Dari sisi sosial pula, kita memerhatikan jika negara Indonesia seolah menjadi masuk daftar merah dari 59 negara. Warga negara Indonesia tidak boleh masuk ke negara tersebut (Kompas TV.com 8/9/20).
Konsekuensinya juga, warga negara dari 59 negara itu bisa saja tidak boleh masuk atau berkunjung ke Indonesia untuk tujuan wisata atau berkunjung.
Jumlah negara ini terbilang banyak. Hal ini menjadi catatan serius bagi pemerintahan Jokowi.
Padahal, pemerintah sudah menyatakan untuk membuka dunia pariwisata. Menjadi tidak bermanfaat ketika pariwisata dibuka untuk publik, tetapi sepi pengunjung terutama dari wisatawan luar negari.

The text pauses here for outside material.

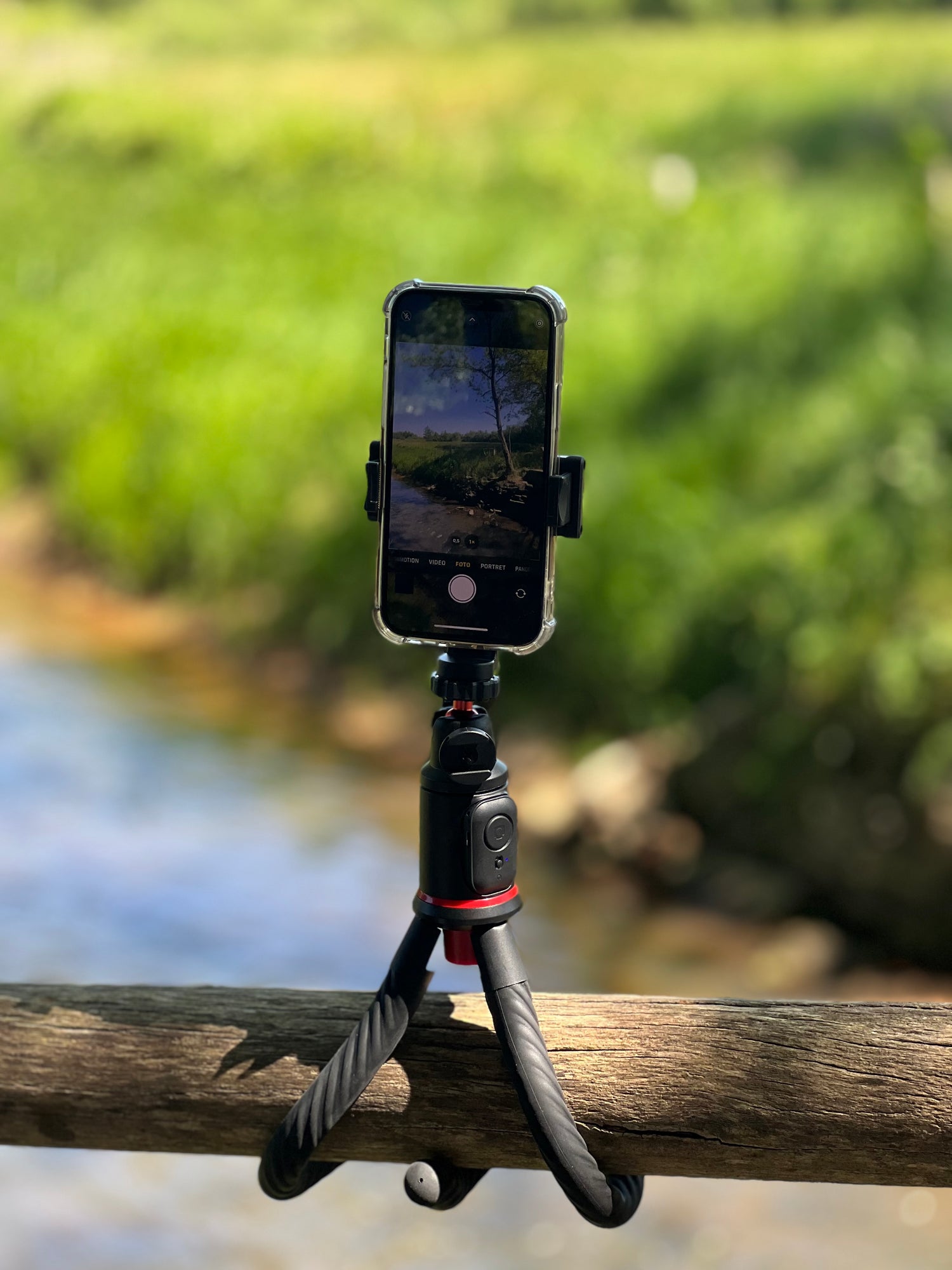 The phone holder is sturdy and suitable for all smartphones. Thanks to its light weight, it can easily be carried in a bag or jacket. Ideal for group photos, vlogs or just fun holiday shots.

Malahan, hal ini membawa kerugian. Pasalnya, uang untuk operasi menjalankan bisnis tidak dibarengi dengan pendapatan yang masuk.
Keputusan 59 negara yang menutup pintu bagi warga negara Indonesia menciptakan ketidaknyamanan. Secara tidak langsung, kita dinilai secara negatif. Dalam mana, kehadiran kita menjadi ancaman bagi warga negara lain.
Inilah dampak yang harus dihadapi ketika kasus Covid-19 terus bertambah. Konsekuensi lainnya bisa juga pada soal relasi Indonesia ke luar negeri.
Pada titik ini, saya sejalan dengan pandangan Komisi I DPR. Intropeksi penanganan program penanggulangan COvid-19 menjadi catatan penting (CNN Indonesia 9/9/20). Kalau tidak terjadi, hal ini bisa memengaruhi ekonomi bangsa dan mencederai martabat kita sebagai bangsa.
Siapa pun pastinya tidak nyaman ketika kehadirannya ditolak. Maka dari itu, perlu mengevaluasi dan kalau boleh mengubah cara dalam penanganan Covid-19. Kalau dibiarkan berlarut-larut, bukan saja 59 negara yang menolak Indonesia, tetapi jumlahnya bisa bertambah.
Di dalam negeri saja, kita masih mendapatkan orang-orang saling menolak ketika terjadi kasus. Apalagi dalam konteks sebagai sebuah negara.
Pastinya, banyak negara ingin melindungi warga negara mereka. Karena ini, mereka tidak ingin terjebak pada situasi yang tidak nyaman hanya karena kehadiran dari pengunjung yang terpapar virus korona.